Film & Notfilm
“My film, Notfilm, is a documentary about the embattled collaboration between Nobel Prize-winning playwright Samuel Beckett and silent-era genius Buster Keaton. Beckett’s only work for projected cinema, aptly called Film, is in essence a chase film: the craziest ever committed to celluloid.
I first read Beckett’s script for Film in my late teens, long before seeing the movie. It immediately grabbed hold of me as one of cinema’s great curiosities, and hasn’t left me since. When my friend Andrew Lampert at Anthology Film Archives contacted me about preserving Film, I jumped at the chance. In New York, I met with its producer, Barney Rosset, the legendary founder of Grove Press.

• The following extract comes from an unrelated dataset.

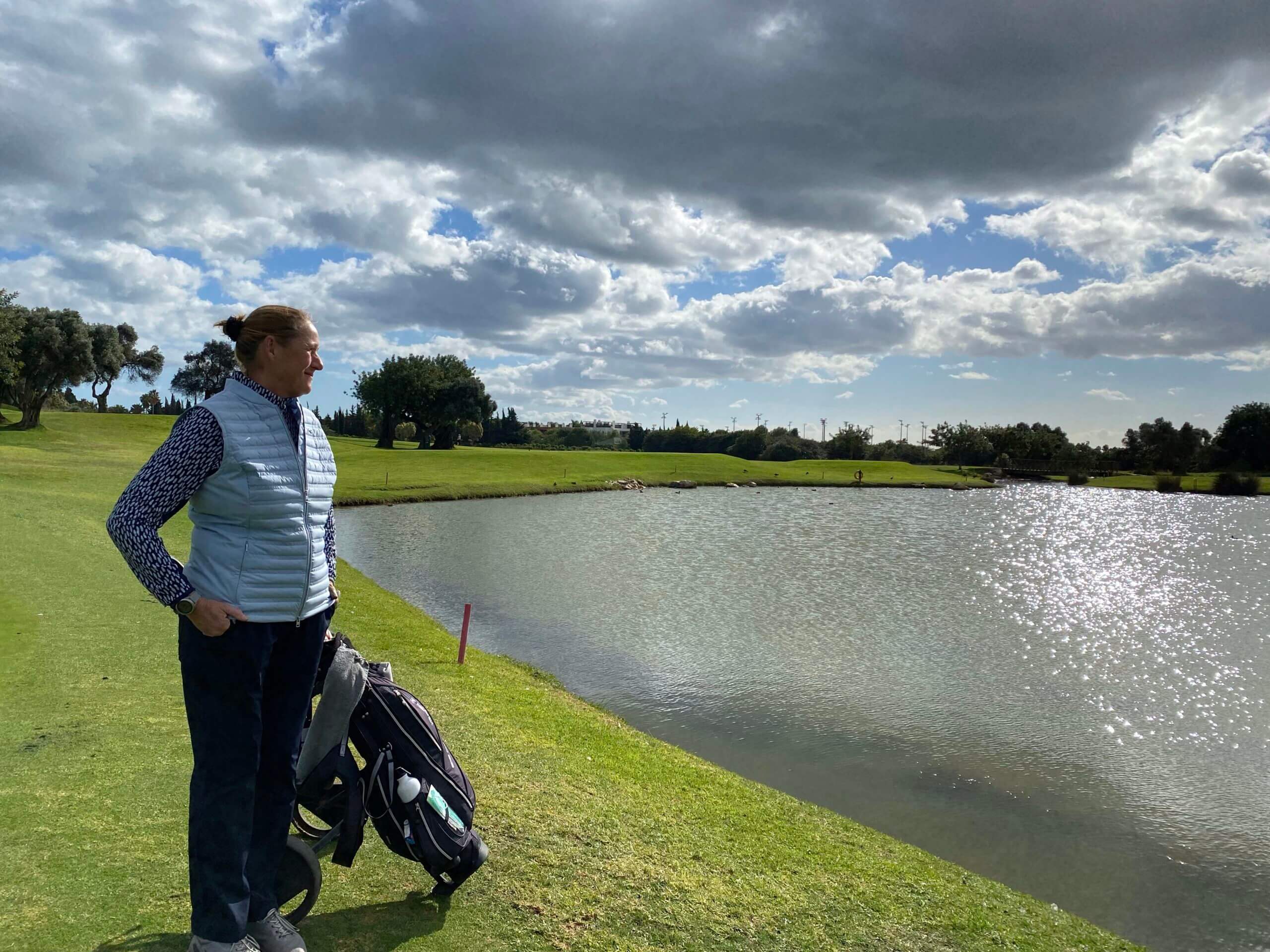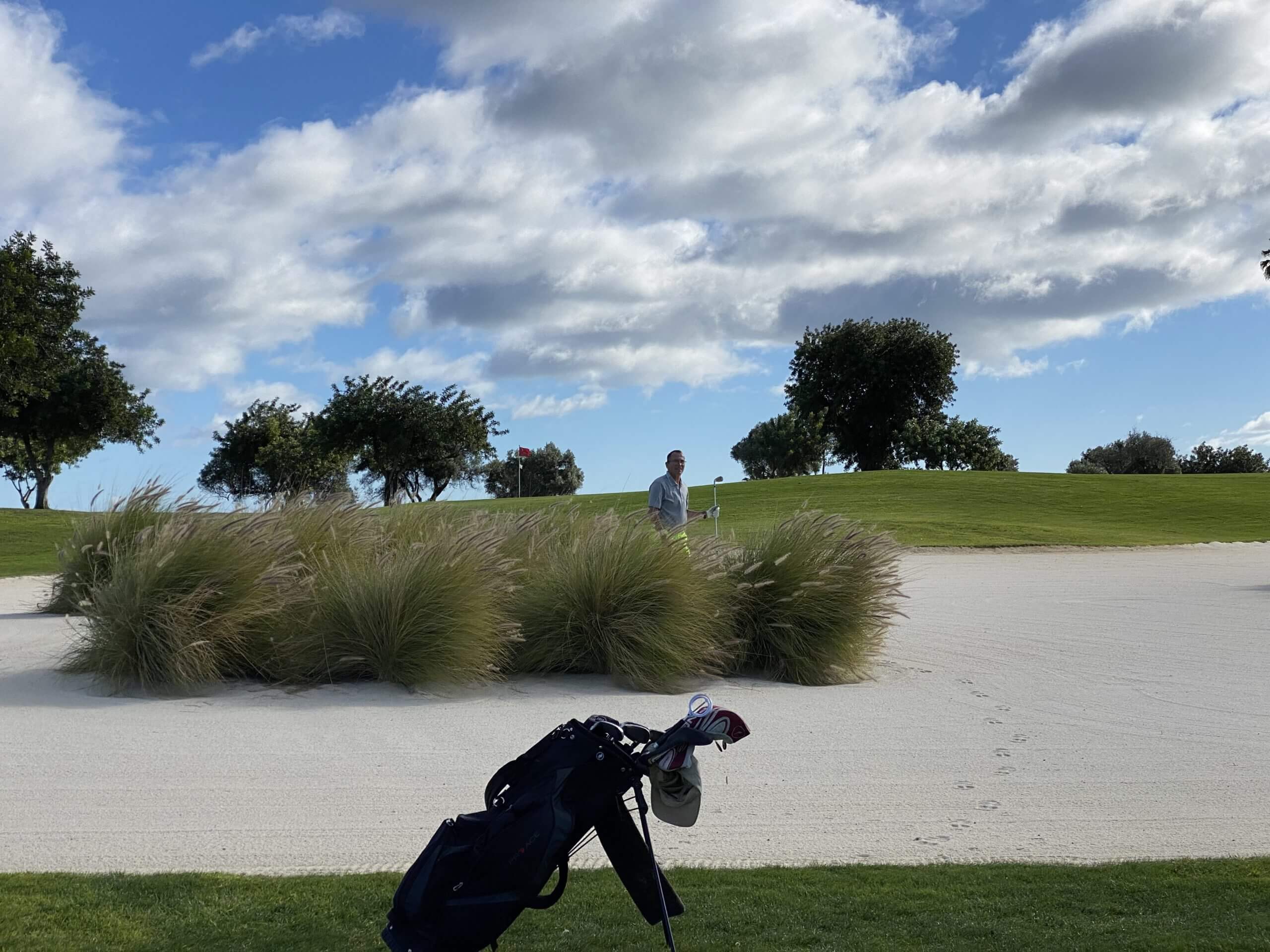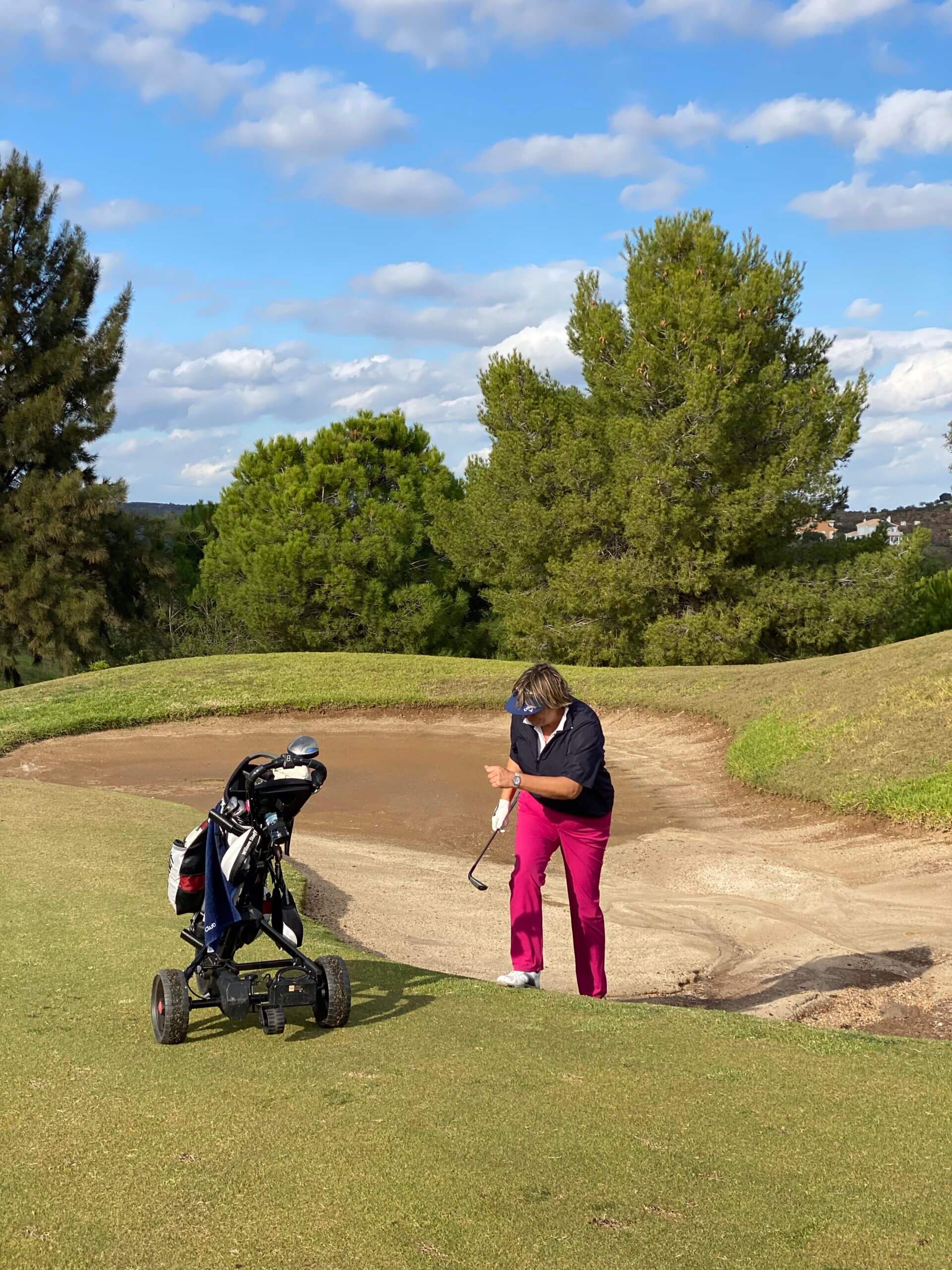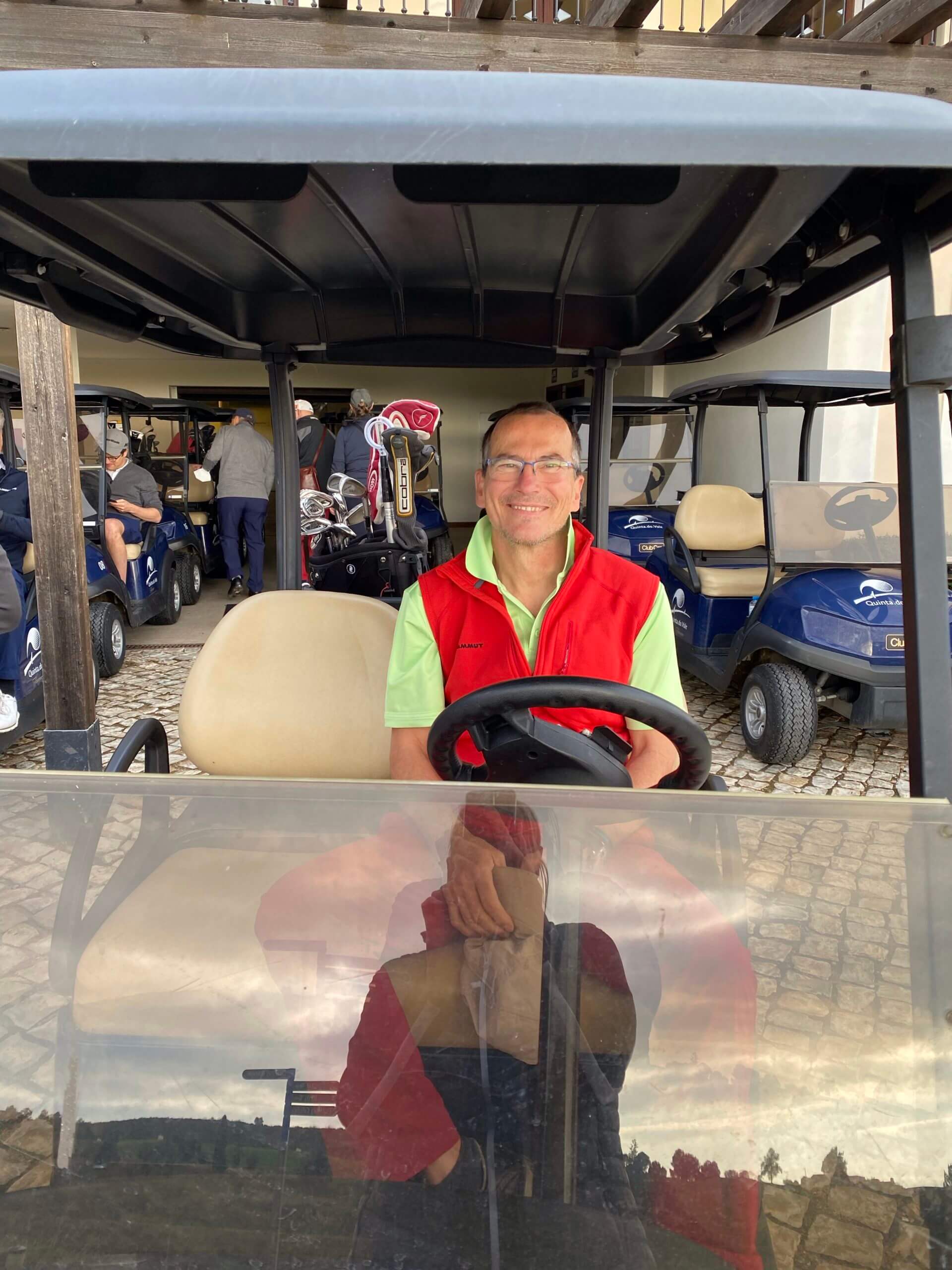 Moni und Horst teilen sich ein Wägele (Cart). Moni schlägt sich richtig gut trotz Schiene am Bein und hat sich bereits mit ihrem Schlägersatz angefreundet (einschließlich Driver). Ronald sei Dank!

Rosset soon deposited Film with the UCLA Film & Television Archive where I was working, and with generous funding from the National Film Preservation Foundation and The Film Foundation and top-notch work from my colleagues at the labs, we were able to restore Beckett’s original vision in a new edition.
But Film still wouldn’t leave me alone. During my many visits with Rosset, he often lamented the loss of a key scene. The sequence comprised a legendary long-lost prologue. Upon my gentle prodding, he revealed that he did have a few rolls of film under his kitchen sink, but he was sure they were just scrap. You can guess the rest.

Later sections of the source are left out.